Wohncontainer brannte aus
Brandruine des Wohncontainers
Wohncontainerbrand in Dornbirn

Vor fast zwei Woche brannte in der Dornbirner Eisengasse ein Container aus. Eine 89-jährige Frau wurde mit Verdacht auf Rauchgasvergiftung ins Stadtkrankenhaus Dornbirn eingeliefert. Bei der Frau handelt es sich laut Robert Vonach von der Landespolizeiinspektion Vorarlberg um eine Obdachlose, die bereits bei Kaplan Bonetti gemeldet war. Auch Ralf Hämmerle von der Stadt Dornbirn bestätigt das: “Das Brandopfer stand in den vergangenen Jahren wiederholt im Rahmen des Case-Managements und der Sozialarbeit mit der Stadt in Kontakt und es wurde auf mehreren Ebenen Hilfestellung angeboten.”

Komplett ausgebrannt und unbewohnbar

Doch was machte die Frau in dem Container? Die 89-Jährige wohnte nach Angaben der Polizei Vorarlberg auf dem Grundstück, welches laut Grundbuch ihr gehört. Als ihr baufälliges Haus abgerissen werden musste, habe sie sich geweigert das Grundstück zu verlassen, informiert Vonach auf VOLAT-Anfrage. Sie habe sich den Baucontainer eigenständig gekauft und sich seither darin häuslich eingerichtet. Wohncontainer sind laut der Polizei Vorarlberg prinzipiell erlaubt, der Besitzer benötigt dafür allerdings eine Genehmigung – ähnlich wie beim Bau eins Hauses.

Notwohnung zur Verfügung gestellt

“Das Haus wurde vor rund 10 Jahren abgetragen”, bestätigt Hämmerle. “Dies erfolgte mit Bescheid der Stadt Dornbirn, da das Gebäude baufällig war und aufgrund des äußerst schlechten Zustandes von einer Gefährdung auszugehen war.” Der Betroffenen sei damals eine Notwohnung zur Verfügung gestellt worden. “Der betreffende Container ist ein reiner Bau- oder Gartencontainer und war auch baurechtlich niemals als Wohncontainer bewilligt”, erklärt Hämmerle gegenüber VOL.AT. “Wie das spätere Brandopfer sich darin eingerichtet hat, ist der Stadt Dornbirn nicht bekannt.”

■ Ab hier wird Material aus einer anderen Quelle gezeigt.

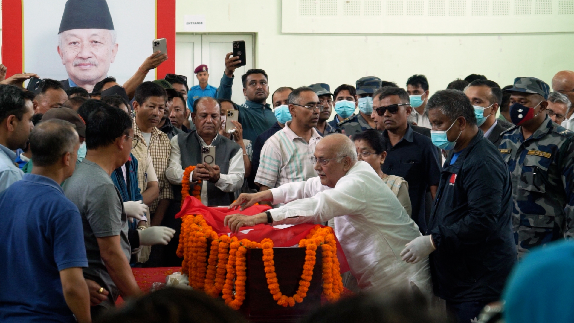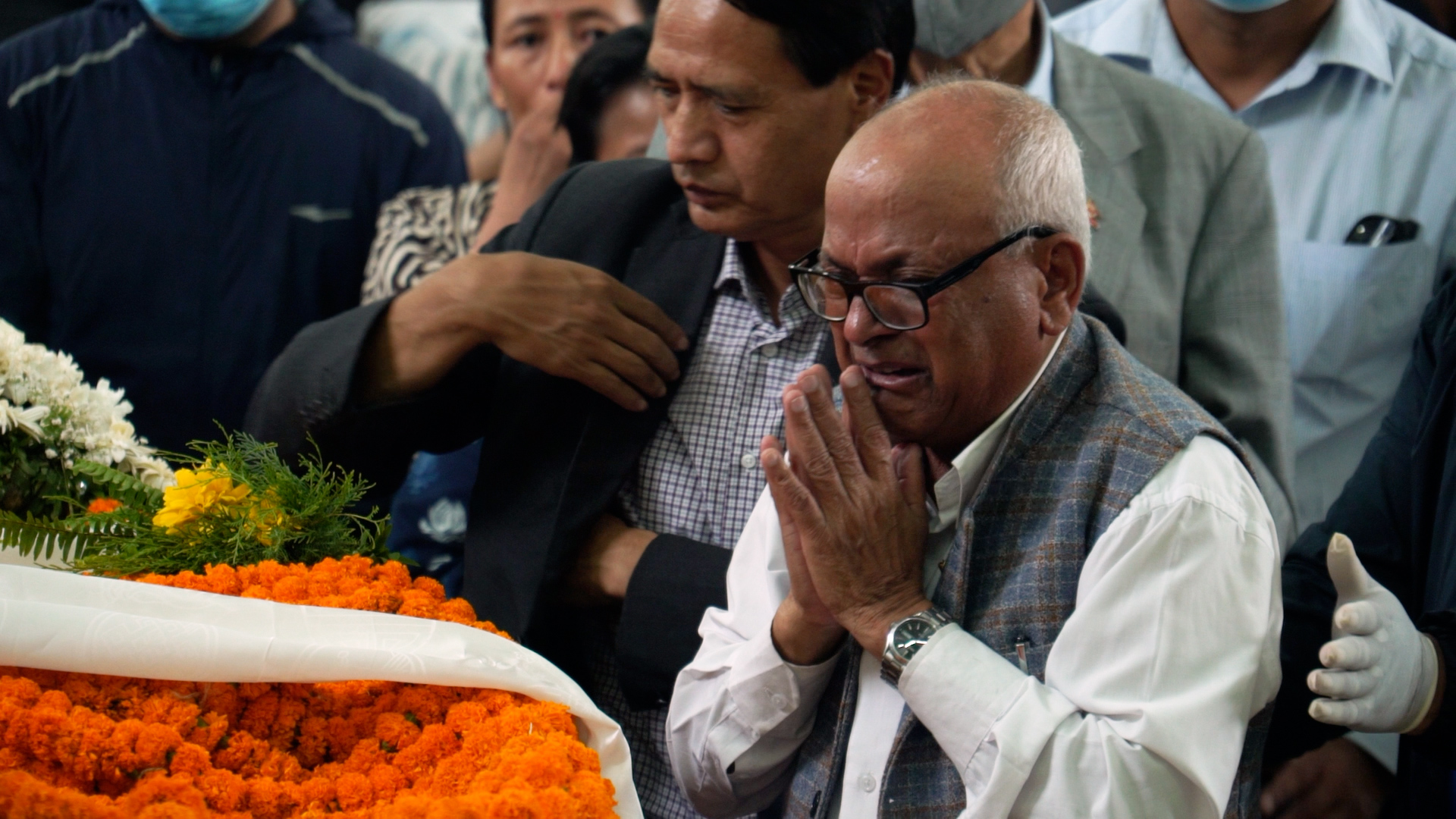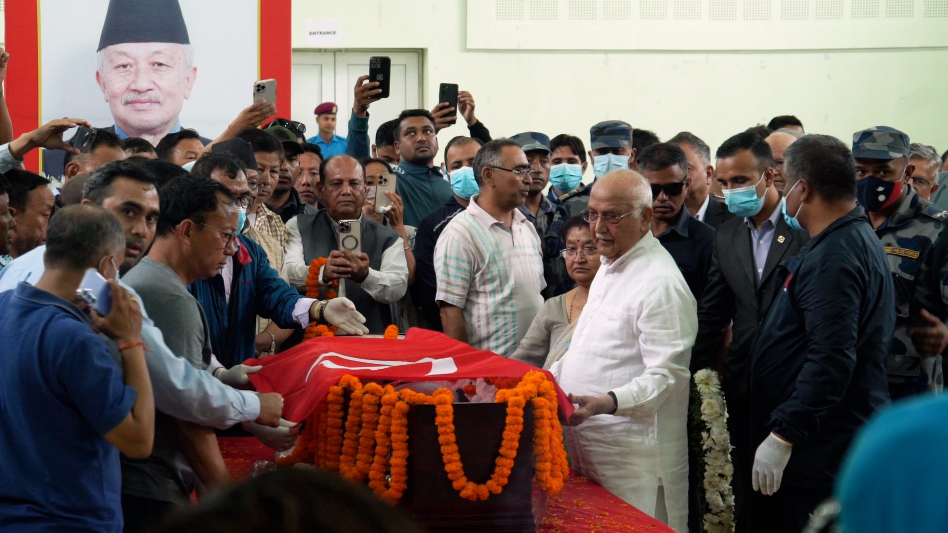 काठमाडौं । नेकपा एमालेका अध्यक्ष केपी शर्मा ओलीले संविधानसभा अध्यक्ष एवं पूर्व सभामुख सुवासचन्द्र नेम्वाङको पार्थिव शरिरमा पार्टीको झण्डा ओडाएर श्रद्धाञ्जली व्यक्त गरेका छन् ।

Soziale Wohneinrichtung zur Überbrückung

Laut Feuerpolizeiordnung des Landes hat die jeweilige Gemeinde, in diesem Fall die Stadt Dornbirn, für eine Unterkunft der durch den Brand obdachlos gewordenen Personen zu sorgen. “Der Einsatzleiter der Feuerwehr verständigt die zuständigen Abteilungen im Rathaus, die die unmittelbare Organisation und Koordination übernehmen”, erläutert Hämmerle den Ablauf. Da der Container bei dem Brand komplett zerstört und dadurch unbewohnbar wurde, wird das Brandopfer derzeit “zur Überbrückung nach dem Brandereignis” in einer sozialen Wohneinrichtung betreut. “Hier pflegt die Stadt Dornbirn eine hervorragende Zusammenarbeit – beispielsweise mit der VOGEWOSI oder Kaplan Bonetti –  wie sich auch im Jänner beim Brand in der Negrellistraße gezeigt hat”, so Hämmerle. Ob die Frau auch in der sozialen Wohneinrichtung bleiben wird, ist noch nicht bekannt.

Nachbar: “Früher war hier ein Haus”

“Früher war hier ein Haus”, weiß Luciano Degano, Nachbar und Bekannter der 89-jährigen Dornbirnerin. Ja, er habe auch mitbekommen, dass es vor rund 10 Jahren zwangsabgerissen worden sei. “Letzes Jahr ist sie hier in den Container gezogen”, so der Nachbar. Beim VOL.AT-Lokalaugenschein fiel außerdem auf, dass hinter dem Container ein Wassertank, wie er auch zum Tränken von Kühen verwendet wird, platziert wurde. Als “Saustall” beschreibt Degano die Zustände, in denen die Pensionistin im Container lebte. Sie habe sich darin eingerichtet, im hinteren Teil habe sie sogar ein provisorisches WC gehabt.

“Sie lässt sich nichts sagen”

Obwohl immer wieder Mitarbeiter von Kaplan Bonetti gekommen seien, um nach dem Rechten zu schauen, habe sie sich nicht überreden lassen auszuziehen, berichtet Degano. Als direkter Nachbar habe er die 89-jährige fast jeden Tag gesehen und habe ihr auch das eine oder andere Mal ausgeholfen: “Ich habe ihr immer die Gasflaschen aufgemacht”, erklärt er gegenüber VOL.AT. Der Dornbirner hofft auf ein Happy End für seine rüstige Nachbarin: “Alles Gute, mehr kann ich nicht sagen. Sie ist eigensinning und lässt sich nichts sagen.”